The effect of AgaA on physiological parameters

The blood obtained from vehicle and AgaA-treated mice right before euthanasia was used to evaluate the levels of Na+, Cl, BUN (blood urea nitrogen), Htc (hematocrit), hemoglobin, pH and glucose. The results of this analysis are summarized in Supplementary Table and indicate lack of significant difference between experimental groups. The same blood samples were used to evaluate the activity of liver enzymes ALT and AST. Our results indicate statistically significantly higher activity of both enzymes in plasma samples obtained from 50 mg/kg AgaA-treated mice (Supplementary Table).
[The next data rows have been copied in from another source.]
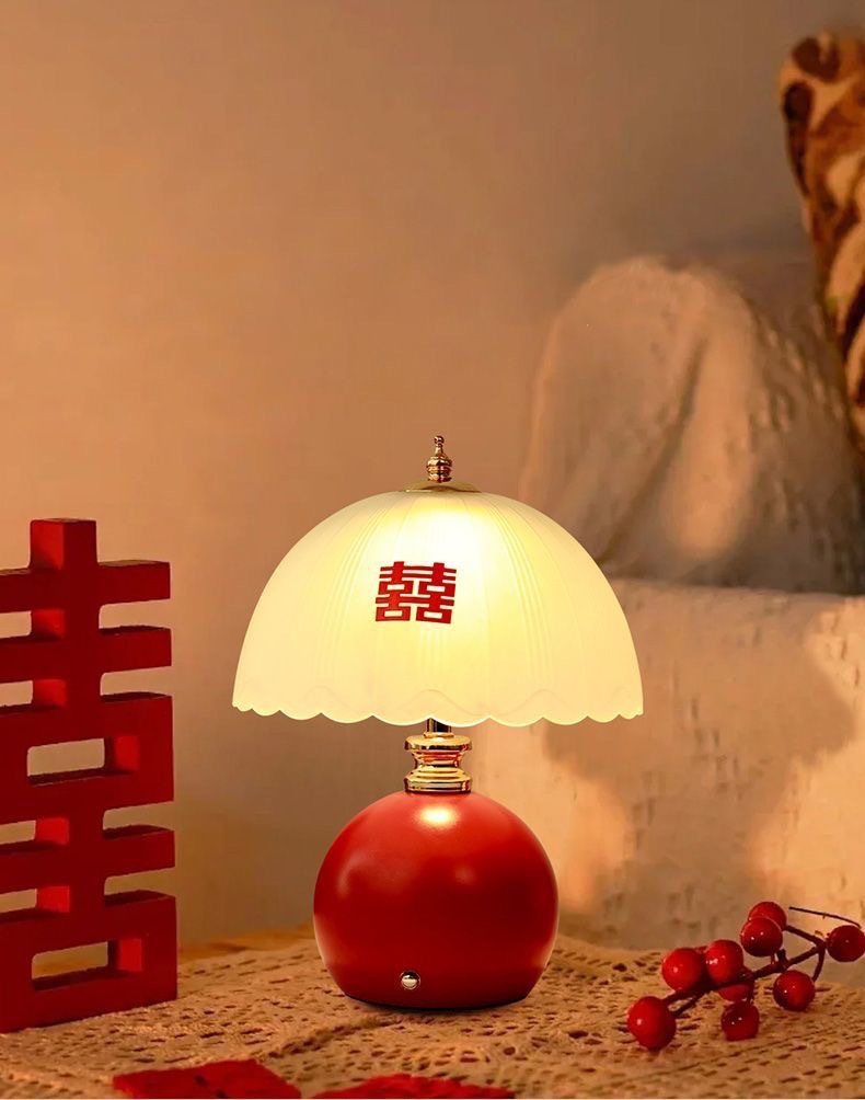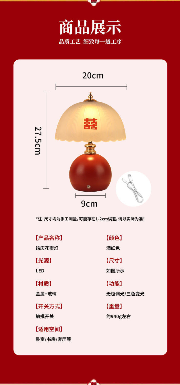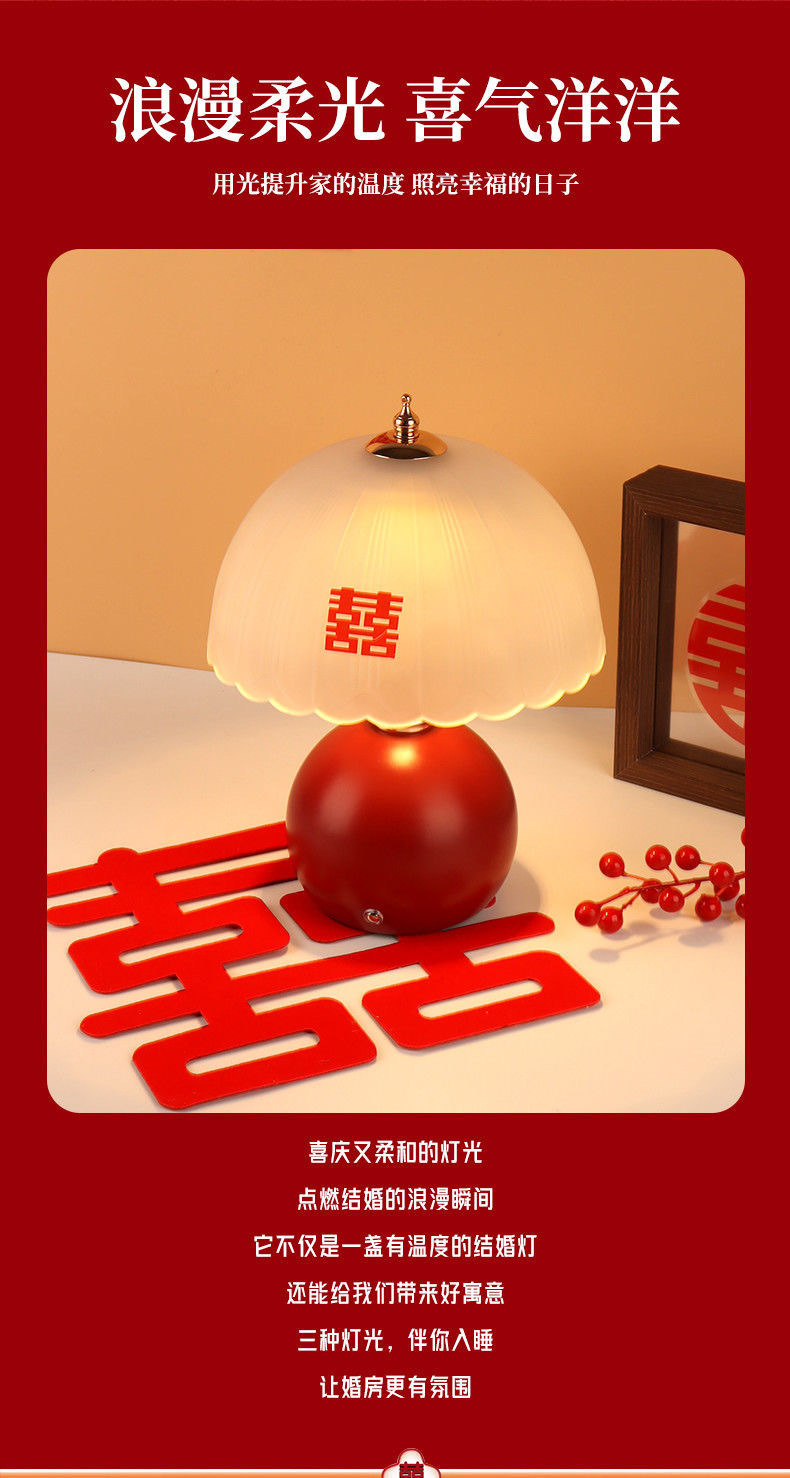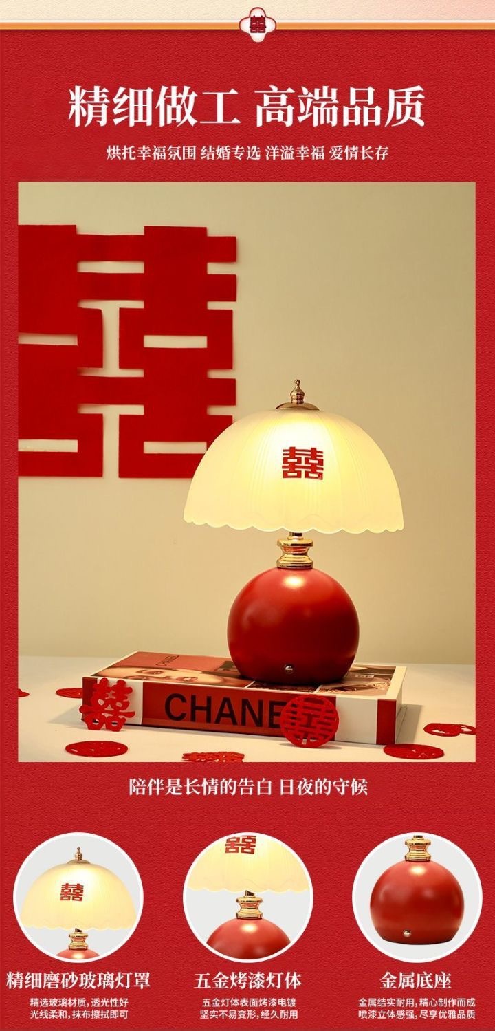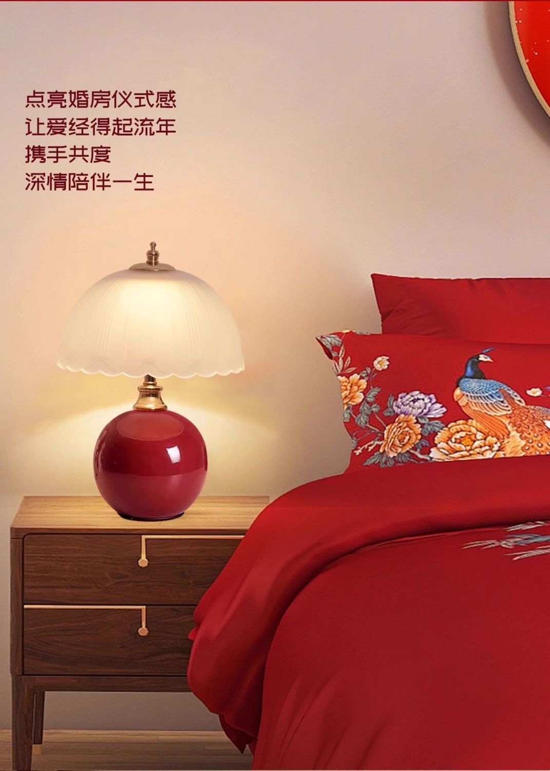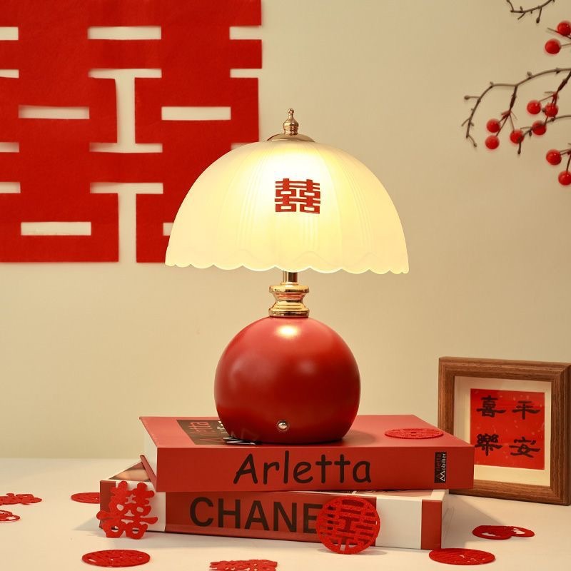 장미등은 결혼식을 위한 신혼부부를 위한 고급 웨딩룸 장식 레드 테이블 램프 침대 옆 램프 결혼 선물로 항상 밝게 빛납니다.
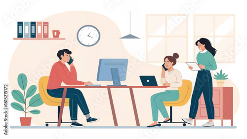 Vektorová ilustrace zdravotně postižené mladé ženy trénuje s činkami, získává podporu lékaře fyzioterapeuta muže v rehabilitačním centru. Lékařská péče a rehabilitace koncept plochý styl designu.
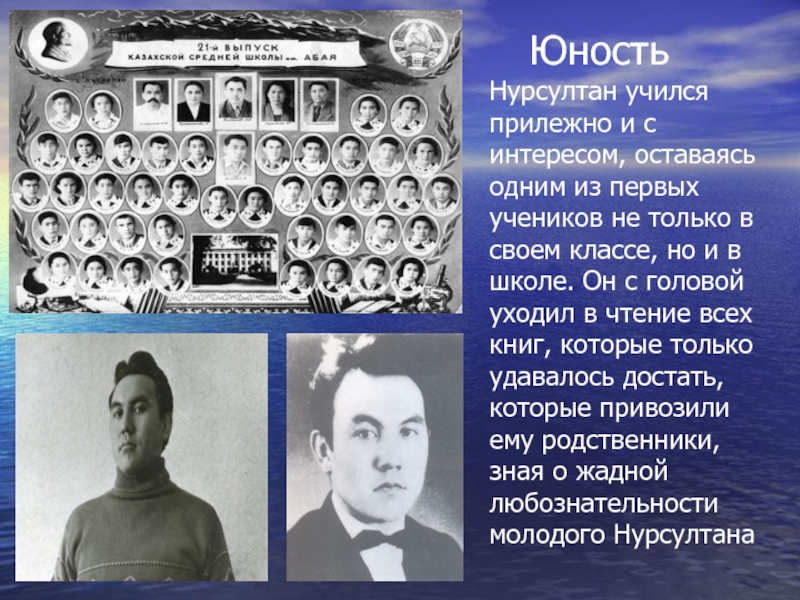 ЮностьНурсултан учился прилежно и с интересом, оставаясь одним из первых учеников не только в своем классе, но

Overexpression of Nln in primary brain cultures

Applicability of AAV-Nln to transduce catalytically active Nln was first studied in primary brain cells (Fig. 5). Two weeks after transfection, activity of Nln (expressed in fluorescence units/µg protein/min) was statistically significantly greater in cytosolic (245.8 ± 10.7; 98% increase in comparison to intact neurons, p<0.001) and membrane (7.8 ± 0.22; 50% increase in comparison to intact neurons, p<0.001) preparations of AAV-Nln-treated neurons in comparison to that of the AAV-GFP-treated (cytosol, 105.1 ± 5.9; membranes, 5.7 ± 0.15) or intact neurons (cytosol, 123.9 ± 5.1; membranes, 5.2 ± 0.2). In astroglial cells however, activity of Nln was comparable in all 3 groups: AAV-Nln (cytosol, 74.8 ± 1.6; membranes, 10.2 ± 1.1), AAV-GFP (cytosol, 66.0 ± 2.1; membranes, 10.1 ± 1.3), intact (cytosol, 69.7 ± 2.6; membranes, 11.1 ± 1.2).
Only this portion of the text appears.